#### [WHAT TO WORK ON]
The output should be the listing below, limited to the lines from the one with "Wilde Zalmolie uit" through the one with "The R coefficient", exact and without pictures.

#### [DATA TO PROCESS]
+ + + + +
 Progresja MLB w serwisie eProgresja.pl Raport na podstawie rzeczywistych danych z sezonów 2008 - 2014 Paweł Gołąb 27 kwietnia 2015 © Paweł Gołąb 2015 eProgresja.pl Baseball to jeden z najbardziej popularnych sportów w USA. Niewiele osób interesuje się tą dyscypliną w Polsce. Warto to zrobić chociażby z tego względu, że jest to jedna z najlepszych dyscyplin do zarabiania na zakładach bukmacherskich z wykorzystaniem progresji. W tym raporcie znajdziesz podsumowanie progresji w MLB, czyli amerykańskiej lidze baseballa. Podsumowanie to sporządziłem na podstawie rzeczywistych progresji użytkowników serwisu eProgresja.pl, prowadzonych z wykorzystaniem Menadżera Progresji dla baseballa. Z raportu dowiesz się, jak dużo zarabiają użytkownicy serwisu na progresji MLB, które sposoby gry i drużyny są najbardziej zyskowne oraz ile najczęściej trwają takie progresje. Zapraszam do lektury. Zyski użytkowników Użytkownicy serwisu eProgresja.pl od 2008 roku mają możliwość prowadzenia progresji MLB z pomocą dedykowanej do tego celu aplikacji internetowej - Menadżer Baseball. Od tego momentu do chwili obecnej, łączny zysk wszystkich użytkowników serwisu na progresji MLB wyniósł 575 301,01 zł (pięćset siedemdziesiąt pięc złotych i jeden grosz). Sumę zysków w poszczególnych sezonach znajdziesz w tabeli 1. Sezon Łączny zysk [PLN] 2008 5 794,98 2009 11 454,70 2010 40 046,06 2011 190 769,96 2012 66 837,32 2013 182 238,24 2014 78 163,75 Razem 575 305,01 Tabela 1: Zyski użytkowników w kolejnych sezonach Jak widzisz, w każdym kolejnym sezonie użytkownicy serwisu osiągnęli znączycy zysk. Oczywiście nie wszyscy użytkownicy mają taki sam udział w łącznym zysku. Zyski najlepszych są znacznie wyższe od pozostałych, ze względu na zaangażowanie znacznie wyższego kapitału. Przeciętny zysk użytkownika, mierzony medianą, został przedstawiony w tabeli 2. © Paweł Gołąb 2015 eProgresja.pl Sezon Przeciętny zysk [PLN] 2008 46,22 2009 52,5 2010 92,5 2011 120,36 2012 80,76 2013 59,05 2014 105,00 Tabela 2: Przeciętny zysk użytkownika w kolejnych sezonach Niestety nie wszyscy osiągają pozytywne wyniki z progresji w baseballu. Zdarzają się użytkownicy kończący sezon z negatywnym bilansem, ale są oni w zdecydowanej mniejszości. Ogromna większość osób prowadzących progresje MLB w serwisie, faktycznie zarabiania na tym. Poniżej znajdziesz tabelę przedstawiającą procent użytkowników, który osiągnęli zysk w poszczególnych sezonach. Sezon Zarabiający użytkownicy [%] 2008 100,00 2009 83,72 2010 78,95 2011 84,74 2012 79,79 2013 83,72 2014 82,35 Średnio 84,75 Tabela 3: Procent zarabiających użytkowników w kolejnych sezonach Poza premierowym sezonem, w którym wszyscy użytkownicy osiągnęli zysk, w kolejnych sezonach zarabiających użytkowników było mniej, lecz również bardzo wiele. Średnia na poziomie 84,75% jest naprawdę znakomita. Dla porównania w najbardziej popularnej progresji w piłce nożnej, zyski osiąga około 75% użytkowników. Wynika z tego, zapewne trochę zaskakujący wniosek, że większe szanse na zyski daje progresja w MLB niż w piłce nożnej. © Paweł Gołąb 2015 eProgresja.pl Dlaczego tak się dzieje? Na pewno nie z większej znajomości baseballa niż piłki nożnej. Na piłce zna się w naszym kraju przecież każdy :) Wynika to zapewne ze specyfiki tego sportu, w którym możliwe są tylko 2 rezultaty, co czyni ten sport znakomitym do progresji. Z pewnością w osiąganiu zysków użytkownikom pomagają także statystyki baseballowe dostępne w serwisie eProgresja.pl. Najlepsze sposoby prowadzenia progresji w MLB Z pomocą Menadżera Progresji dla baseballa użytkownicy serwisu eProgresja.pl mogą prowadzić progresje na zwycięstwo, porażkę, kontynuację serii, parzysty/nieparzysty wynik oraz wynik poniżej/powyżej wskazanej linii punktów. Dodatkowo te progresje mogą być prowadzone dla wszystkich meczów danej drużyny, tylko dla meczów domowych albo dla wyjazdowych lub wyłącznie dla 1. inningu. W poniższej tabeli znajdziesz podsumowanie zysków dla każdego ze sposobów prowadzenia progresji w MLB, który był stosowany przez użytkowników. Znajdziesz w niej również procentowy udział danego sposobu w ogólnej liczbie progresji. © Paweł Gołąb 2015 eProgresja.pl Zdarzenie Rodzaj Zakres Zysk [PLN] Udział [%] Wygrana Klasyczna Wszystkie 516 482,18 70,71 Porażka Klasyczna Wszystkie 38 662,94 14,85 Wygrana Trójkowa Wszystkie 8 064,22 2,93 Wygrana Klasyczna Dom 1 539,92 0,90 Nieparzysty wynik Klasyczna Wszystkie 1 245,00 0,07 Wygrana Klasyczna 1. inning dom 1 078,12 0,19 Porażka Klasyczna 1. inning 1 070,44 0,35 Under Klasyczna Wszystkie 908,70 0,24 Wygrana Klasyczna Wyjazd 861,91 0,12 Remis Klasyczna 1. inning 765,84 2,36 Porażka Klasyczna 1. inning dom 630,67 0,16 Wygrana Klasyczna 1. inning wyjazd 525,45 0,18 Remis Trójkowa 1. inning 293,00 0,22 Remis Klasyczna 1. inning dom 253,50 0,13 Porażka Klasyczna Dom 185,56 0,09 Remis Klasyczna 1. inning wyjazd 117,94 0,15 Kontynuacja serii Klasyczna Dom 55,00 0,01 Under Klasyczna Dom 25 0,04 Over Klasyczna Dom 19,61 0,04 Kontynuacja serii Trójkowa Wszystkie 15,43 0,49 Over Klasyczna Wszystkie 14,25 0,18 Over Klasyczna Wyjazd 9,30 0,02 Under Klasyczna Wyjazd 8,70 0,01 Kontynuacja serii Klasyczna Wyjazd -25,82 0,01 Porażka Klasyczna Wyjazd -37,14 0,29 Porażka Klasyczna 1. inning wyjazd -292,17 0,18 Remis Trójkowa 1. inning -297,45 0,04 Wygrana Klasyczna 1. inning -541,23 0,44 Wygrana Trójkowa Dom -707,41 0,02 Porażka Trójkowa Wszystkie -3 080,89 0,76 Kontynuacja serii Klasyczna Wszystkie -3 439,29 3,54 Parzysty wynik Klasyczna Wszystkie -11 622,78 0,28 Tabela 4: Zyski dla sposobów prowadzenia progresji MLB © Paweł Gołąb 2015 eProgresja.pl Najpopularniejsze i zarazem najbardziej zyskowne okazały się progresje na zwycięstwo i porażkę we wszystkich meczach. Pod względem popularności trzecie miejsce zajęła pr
+ + + + +
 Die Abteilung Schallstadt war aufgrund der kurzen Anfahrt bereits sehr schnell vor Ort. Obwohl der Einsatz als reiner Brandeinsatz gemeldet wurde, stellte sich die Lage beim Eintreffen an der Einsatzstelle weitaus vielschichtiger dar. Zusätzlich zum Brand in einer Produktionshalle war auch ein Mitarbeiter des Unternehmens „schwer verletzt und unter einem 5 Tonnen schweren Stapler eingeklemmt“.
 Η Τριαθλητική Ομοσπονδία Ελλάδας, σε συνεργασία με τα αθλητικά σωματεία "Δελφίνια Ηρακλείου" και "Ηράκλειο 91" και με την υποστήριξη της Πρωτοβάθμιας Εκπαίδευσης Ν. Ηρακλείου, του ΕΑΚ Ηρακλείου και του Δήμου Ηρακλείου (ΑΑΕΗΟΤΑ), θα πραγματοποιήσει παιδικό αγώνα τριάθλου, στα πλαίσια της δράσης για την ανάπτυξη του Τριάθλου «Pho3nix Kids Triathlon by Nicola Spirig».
+ + + + +
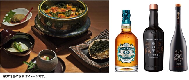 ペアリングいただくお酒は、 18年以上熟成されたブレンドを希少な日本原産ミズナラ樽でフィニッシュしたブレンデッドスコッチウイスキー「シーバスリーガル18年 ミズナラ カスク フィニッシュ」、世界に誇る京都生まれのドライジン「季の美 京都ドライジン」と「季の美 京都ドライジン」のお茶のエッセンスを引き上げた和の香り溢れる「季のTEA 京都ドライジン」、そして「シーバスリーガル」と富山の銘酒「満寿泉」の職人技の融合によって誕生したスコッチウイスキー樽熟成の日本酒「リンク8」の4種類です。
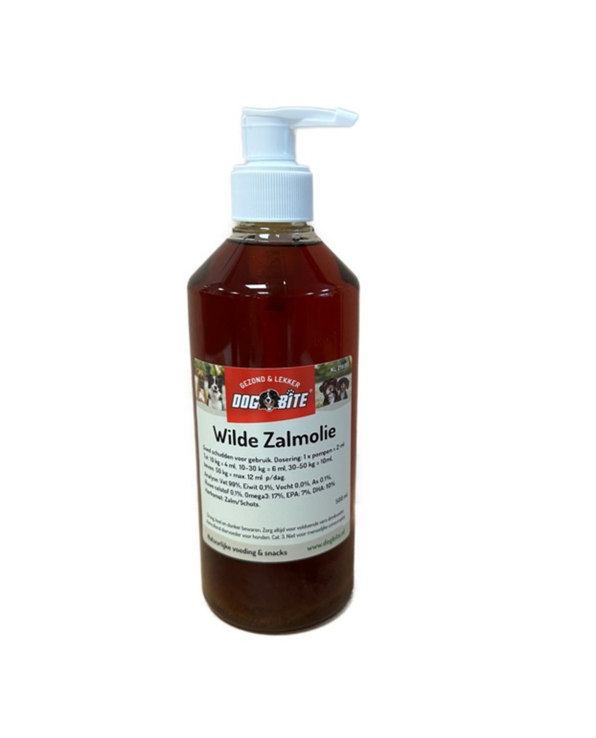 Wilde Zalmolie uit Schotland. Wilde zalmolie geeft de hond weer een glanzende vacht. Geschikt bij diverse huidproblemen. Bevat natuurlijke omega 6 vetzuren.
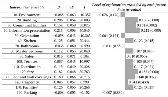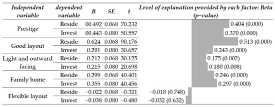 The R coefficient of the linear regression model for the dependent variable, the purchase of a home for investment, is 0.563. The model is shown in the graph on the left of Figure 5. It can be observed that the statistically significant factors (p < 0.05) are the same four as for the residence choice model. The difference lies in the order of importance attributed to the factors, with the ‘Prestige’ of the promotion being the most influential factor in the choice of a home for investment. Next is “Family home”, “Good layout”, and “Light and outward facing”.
+ + + + +
#### [TASK ANSWER]
 Wilde Zalmolie uit Schotland. Wilde zalmolie geeft de hond weer een glanzende vacht. Geschikt bij diverse huidproblemen. Bevat natuurlijke omega 6 vetzuren.
 The R coefficient of the linear regression model for the dependent variable, the purchase of a home for investment, is 0.563. The model is shown in the graph on the left of Figure 5. It can be observed that the statistically significant factors (p < 0.05) are the same four as for the residence choice model. The difference lies in the order of importance attributed to the factors, with the ‘Prestige’ of the promotion being the most influential factor in the choice of a home for investment. Next is “Family home”, “Good layout”, and “Light and outward facing”.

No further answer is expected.